• Given material:
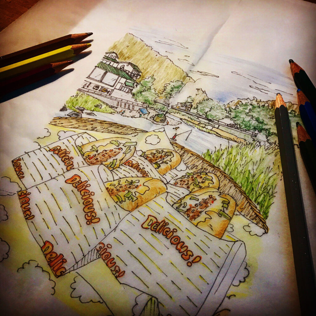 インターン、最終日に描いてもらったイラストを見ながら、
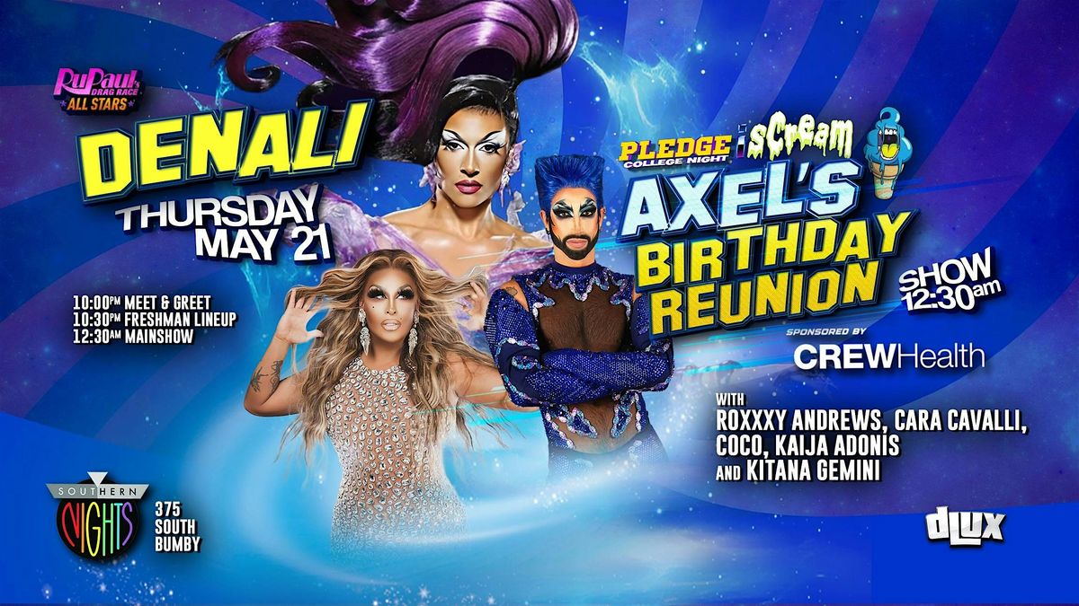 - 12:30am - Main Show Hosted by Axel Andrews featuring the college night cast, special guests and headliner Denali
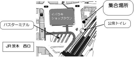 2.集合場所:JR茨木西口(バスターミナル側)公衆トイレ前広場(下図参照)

• Exercise description: What is needed is an exact copy of all the data, with no images in it.

• Response:
 インターン、最終日に描いてもらったイラストを見ながら、
 - 12:30am - Main Show Hosted by Axel Andrews featuring the college night cast, special guests and headliner Denali
 2.集合場所:JR茨木西口(バスターミナル側)公衆トイレ前広場(下図参照)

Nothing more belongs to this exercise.